CS conference ’09: Agenda and Motions

CS CONFERENCE 2009 – The Bloomsbury Suite, University of London Union,

AGENDA:

9.30 onwards: REGISTRATION

10.00-10.15: Welcome and review of 2008: - Nicholas Jones

10.15-11.00: Communist Students and Capitalist Crisis – Chris Strafford

11.00-11.45: Gaza and the student occupations – Cat Rylance

11.45-12.30: LUNCH

12.30-13.15: ‘Organising School Students’ – Callum Williamson

13.15-14.00: ‘Marxism and the education we fight for’ – Dani Thomas

14.00-14.15: BREAK

14.15-16.15: MOTIONS

16.15 – 16.30: CS Executive Elections (Nominations also accepted on the day)

16.30 – 16.40: Closing Speech – Laurie Smith

After the conference, comrades will go for a meal in Central London – let us know if you are interested.

Motions:

Please submit amendments to info@communiststudents.org.uk – we have extended the deadline for amendments to 22.00, Saturday April 25

The Capitalist Crisis and the tasks of CS:

Conference notes that:

1.   Capitalism is in the midst of profound crisis, with which nothing is comparable since 1929. The human cost of this crisis is enormous and will get worse – more unemployment, more house reposessions, wage cuts and attacks on social security.

2.   The bailing out and nationalisation of banks and insurance giants seeing trillions of dollars, euros and pounds pumped into the system has brought the ideological collapse of neo-liberal economics. All the talk of how “you can’t buck the market” and “there is no alternative” has been exposed as the hollow rhetoric it always was. We are living through a turning point in the history of capitalism.

3.   The forced turn to Keynesian and protectionist policies visible everywhere internationally will exacerbate inter-imperialist rivalry and increase the likelihood of war and conflict. It will also undermine even the pretence of serious international co-operation to resolve the global problem of drastic climate change.

4.   The need for a radical overhaul of the system and its replacement with one based on the principle of need is more apparent and directly posed than ever.

Conference further notes that:

1.     The tasks of Marxists in such a period are enormous. Spontaneous resistance to the crisis will inevitably unfold – the outcome will be decided by class struggle, politics and organisation.

2.     An increasing number of youth and students are coming around to the idea that capitalism is a moribund system that has no positive role to play and must be consigned to the dustbin of history.

3.     On the student ‘Marxist’ left there are numerous campaigns and ‘broad fronts’ with little between them politically: Another Education is Possible (Socialist Workers Party); Education Not for Sale (Alliance for Workers’ Liberty) and the Campaign to Defeat Fees (Socialist Party) all peddle the same insufficient ‘student trade union’ demands in order to cynically recruit to this or that sect which tightly controls it. Such politics are not ‘signposts’ towards Marxism but actually reflect the politics of other classes.
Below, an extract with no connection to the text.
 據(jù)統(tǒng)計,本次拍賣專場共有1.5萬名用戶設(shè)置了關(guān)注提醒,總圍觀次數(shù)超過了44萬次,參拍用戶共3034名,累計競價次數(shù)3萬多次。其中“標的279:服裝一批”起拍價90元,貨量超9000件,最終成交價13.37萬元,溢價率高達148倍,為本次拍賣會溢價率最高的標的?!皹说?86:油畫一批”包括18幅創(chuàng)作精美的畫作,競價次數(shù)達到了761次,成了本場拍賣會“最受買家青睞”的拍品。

4.      We do not think that this dishonest, politically watered-down approach is the way to achieve mass student involvement in politics. It creates apathy, cynicism and distrust of the organised left and its internal sect regimes.

5.     Our approach in Communist Students is simple: Marxism is powerful because it is true – not as some dogmatic schema, but the only consistent way of understanding the world in order to change it. That is why we argue for, stand on and agitate around these politics.

Conference resolves:

1. To continue to argue for and campaign for left unity on the basis of the political strategy of Marxism – working class independence, extreme democracy in opposition to the state and consistent internationalism

2. To mandate the CS executive to approach the other existing left organisations and networks with the view of achieving this aim

3. To mandate the CS executive to organise a day school in the new term entitled ‘Marxism on Campus’ to draw in sympathetic students, youth and academics.
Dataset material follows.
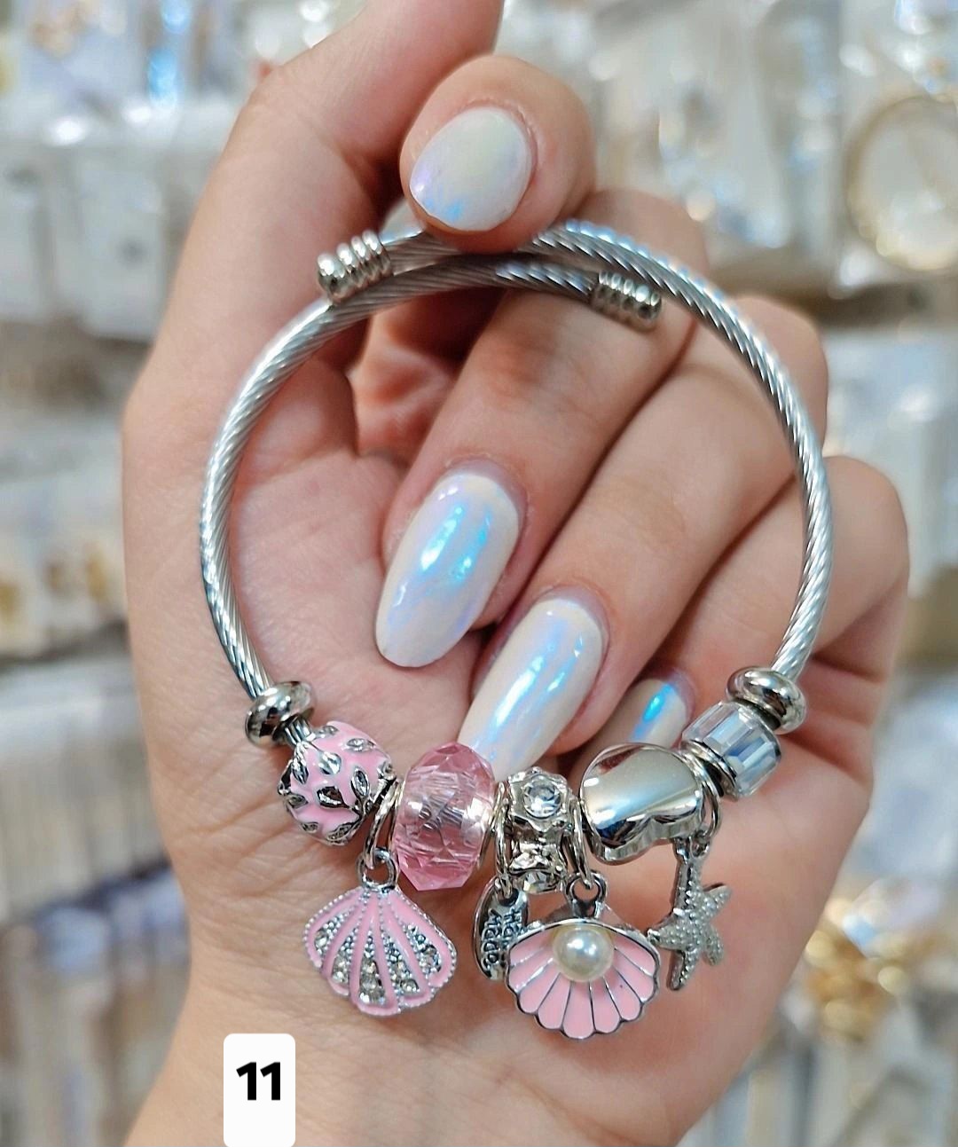 بنگل پاندورا صورتی آویزدار استیل رنگ ثابت

4. To establish CS groups in every school, college and university where we have comrades and supporters and for the executive to help facilitate this work.

5. To strengthen the current national education programme, with a focus on grasping the dynamics of moribund capitalist society and the Marxist political strategy needed to overcome it.
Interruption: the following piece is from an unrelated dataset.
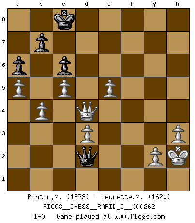 Last move : 1-0 2021 May 31 13:0:51 [Event "FICGS__CHESS__RAPID_C__000262"] [Site "FICGS"] [Date "2021.04.26"] [Round "1"] [White "Pintor,Manuel"] [Black "Leurette,Marc-Antoine"] [Result "1-0"] [WhiteElo "1573"] [BlackElo "1620"] 1.e4 e5 2.f4 d6 3.Nf3 Nc6 4.Bc4 Bg4 5.O-O Bxf3 6.Qxf3 Nf6 7.c3 Qd7 8.f5 Be7 9.d3 O-O-O 10.Bxf7 Kb8 11.Nd2 Rdf8 12.Be6 Qe8 13.Nb3 Nd8 14.Bc4 h5 15.h3 h4 16.Be3 Nc6 17.a4 g6 18.a5 a6 19.Qe2 gxf5 20.Rxf5 Ng8 21.Raf1 Rxf5 22.Rxf5 Nh6 23.Bxh6 Rxh6 24.Qf3 Rh8 25.Rf7 Nd8 26.Rg7 Rf8 27.Qg4 Bf6 28.Rh7 Rh8 29.Rxh8 Qxh8 30.Nd2 Qh6 31.Qe2 Bg5 32.Nf3 Bf4 33.b4 Ne6 34.Bxe6 Qxe6 35.Nxh4 Bg3 36.Nf5 Bf4 37.c4 c6 38.Qh5 Kc7 39.Qh7+ Kb8 40.Qh8+ Kc7 41.Qg7+ Kb8 42.Qf8+ Kc7 43.Ng7 Qc8 44.Ne8+ Kd7 45.Qf7+ Kd8 46.Nxd6 Qd7 47.Qf8+ Kc7 48.c5 Qd8 49.Qf5 Qd7 50.Qg6 Be3+ 51.Kf1 Bd4 52.Qg8 Qd8 53.Qf7+ Qd7 54.Qb3 Qh7 55.Nf5 Qh5 56.Nxd4 exd4 57.Kf2 Qh6 58.Qf7+ Kc8 59.Qe8+ Kc7 60.Qe5+ Kc8 61.Qxd4 Qd2+ 62.Kf3 Qd1+ 63.Kg3 Qe1+ 64.Kh2 Qd2 65.e5 1-0 King's gambit Kingside Castling by player White (move 5) Queenside Castling by player Black (move 9) Player White won this chess game. Follow this game move after move (download)Who is your opponent tonight, tonight I am playing against the Black pieces. (Akiba Rubinstein) Zu meiner Zeit war ein 20 jähriger ein junger Spieler, heute ist er ein Veteran. (Garry Kasparov) Aquel que ve no otra dirección en el juego que la de dar Jaque Mate a su oponente, nunca será un buen jugador de Ajedrez. (Euwe) Je menace de comprendre la position. (Anonyme) Nothing is more important for teaching us to understand the concepts we have than constructing fictitious ones. (Ludwig Wittgenstein)

5. To mandate the CS executive to draw up an educational programme for comrades entering the organisation in order to outline the politics CS fights for and also to provide comrades with help in being a CS activist

6. To organise an educational ‘Summer Camp’ in early August 2009 with both CS speakers and ‘external’ ones

7. To revamp our campaigning materials for stalls and interventions in time for the new term

8. To attend, support and build for Communist University in August – a week of debate and discussion sponsored by the CPGB in Central London

Submitted by the CS executive

CS organisation & communication

Conference notes:

  1. That since our founding conference in 2006, we have punched well above our weight in the student movement, and attracted some of the best and brightest young comrades to our project. CS is also living proof that differences can exist openly within a political organisation without it tearing apart, the usual excuse for silencing debate on the left.
  2. That the crisis of global capitalism makes our project -for left unity on the basis of Marxism, for genuine internationalism and radical democracy in all spheres of life- all the more vital, as discussed in the executive’s perspectives motion.
  3. That organisationally we have been at times amateurish, and sometimes slow to respond to political developments.
  4. Communication between our branches and the executive has often been lacking.
  5. Our contact work has also been patchy.

Conference believes:

  1. That to ensure the regularity of branch (and executive) meetings, improve communications and increase our political agility, a certain amount of division of labour and responsibility is required.

Conference resolves:

  1. For branches to elect a secretary who is responsible for:
  • Communication between the branch and the executive
  • Ensuring rooms are booked for weekly meetings and drafting the agenda
  • Ensuring minutes are taken at meetings and relayed to the executive list
  • Compiling a monthly report of cell activities for the member’s area
  • Sending monthly mailshots to branch contacts
  • Keeping the branch page on the CS website up-to-date
  • To delegate the task of contact work to one comrade, or rotate this between comrades

2. For the executive to:

  • Elect a secretary who is responsible for setting the date and time of exec meetings, drafting the agenda and ensuring minutes are taken
  • Meet weekly via online teleconferencing. This will improve the responsiveness and direction coming from the exec
  • Set aside time at these weekly meetings for discussion of the activities of our branches and what is being done to involve our supporters distributed around the country.
  • Ask the treasurer to produce an annual report at conference detailing our income and expenditure.
  • Produce and distribute a document on how to build CS

Submitted by CS Sheffield

Communist Youth in Communist Students

Communist Students has grown modestly over the last year with many young people coming in to contact with our work off campus as well as on campus. It is important to clarify that CS is an organisation for communist youth as well as students.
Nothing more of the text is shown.